Менаш уснул лишь на четвертый день. Спал он очень крепко, и мы решили, что ему немного лучше. За все время его болезни Аази уходила лишь раза два, чтобы на часок забыться тревожным сном; теперь она отправилась отдохнуть.
Около двух часов ночи мать Менаша постучала в нашу дверь. Больному стало гораздо хуже. Он не просыпался и все время бредил.
Мы застали возле него Секуру, моего отца, На-Гне, Акли. Как только я вошел, На-Гне сказала мне:
— Опасность миновала, теперь он выздоровеет.
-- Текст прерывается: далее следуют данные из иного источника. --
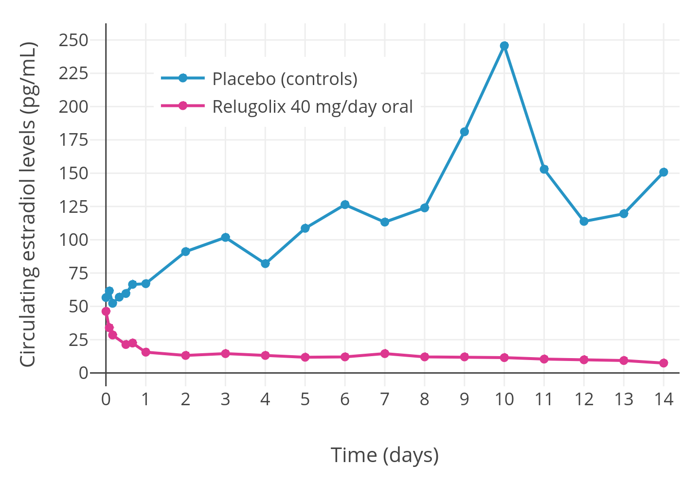 Circulating levels of estradiol (pg/mL) with 40 mg/day oral relugolix therapy in premenopausal women (n = 9) over a period of 14 days relative to untreated control premenopausal women (n = 10). Source of the values: Relumina (relugolix) Information - ASKA Pharmaceutical (in Japanese) (PDF). ASKA Pharmaceutical (January 2019). Retrieved on 16 February 2019.

Послали за Давдой, но она долго не приходила. Появилась она уже на заре; глаза у нее опухли от сна, в лице было нечто животное, придававшее ее красоте какую-то особую терпкость. Вскоре она ушла, сказав, что ей надо подоить коров и коз и что-то сказать пастухам.
Один за другим разошлись и остальные, и в комнате остались только Ку, Аази и я; Менаш перестал бредить. Один раз он все же сел на постели, полуоткрыл глаза, обвел комнату, мутным взглядом и проронил довольно внятно:
— Да, старик, здесь — Таазаст, Таазаст, в Тазге, где живет племя потомков Якуба. Добро пожаловать. Входи. — Потом снова опустил голову на подушку.
Два-три года тому назад голос Менаша, некогда такой нежный и переливчатый, возмужал, стал густым и низким; но, увидав во сне старца, Менаш снова заговорил прежним голосом.